ReferSplat: Referring Segmentation in 3D Gaussian Splatting

Published: 01 May 2025, Last Modified: 18 Jun 2025ICML 2025 oralEveryoneRevisionsBibTeXCC BY 4.0
Abstract: We introduce Referring 3D Gaussian Splatting Segmentation (R3DGS), a new task that aims to segment target objects in a 3D Gaussian scene based on natural language descriptions, which often contain spatial relationships or object attributes. This task requires the model to identify newly described objects that may be occluded or not directly visible in a novel view, posing a significant challenge for 3D multi-modal understanding. Developing this capability is crucial for advancing embodied AI. To support research in this area, we construct the first R3DGS dataset, Ref-LERF. Our analysis reveals that 3D multi-modal understanding and spatial relationship modeling are key challenges for R3DGS. To address these challenges, we propose ReferSplat, a framework that explicitly models 3D Gaussian points with natural language expressions in a spatially aware paradigm. ReferSplat achieves state-of-the-art performance on both the newly proposed R3DGS task and 3D open-vocabulary segmentation benchmarks. Dataset and code are available at https://github.com/heshuting555/ReferSplat.

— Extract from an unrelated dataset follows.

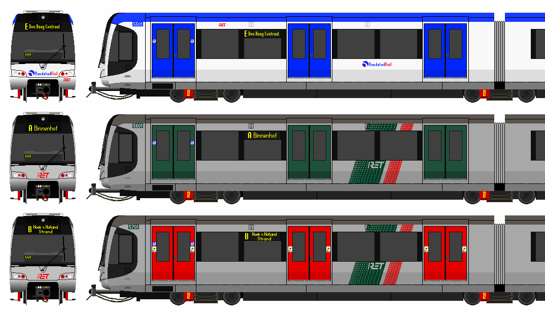 Land: Niederlande Betrieb: Rotterdamse Electrische Tram "RET" Hersteller: Bombardier Typ: SG2/1 Anzahl: 18 Angeschafft: 2002 Nummern: 5401 - 5418 |

Lay Summary: Imagine describing a scene with words like “the red chair next to the table” and having a computer automatically find that object in 3D Gaussian scenes. In our work, we explore how to teach AI systems to understand such descriptions and locate the right objects — even if they're partially hidden or viewed from new angles. We introduce a new task called Referring 3D Gaussian Splatting Segmentation (R3DGS), which asks AI to identify target objects in a 3D Gaussian scene using natural language. To support this, we built the first dedicated dataset, called Ref-LERF. Understanding spatial relationships in 3D is hard, so we created a method called ReferSplat that links 3D scene points to language in a way that’s aware of spatial layouts. Our approach not only handles complex language cues but also achieves state-of-the-art performance in multiple 3D understanding tasks. We’ve released both our dataset and code to help others explore this new challenge: https://github.com/heshuting555/ReferSplat.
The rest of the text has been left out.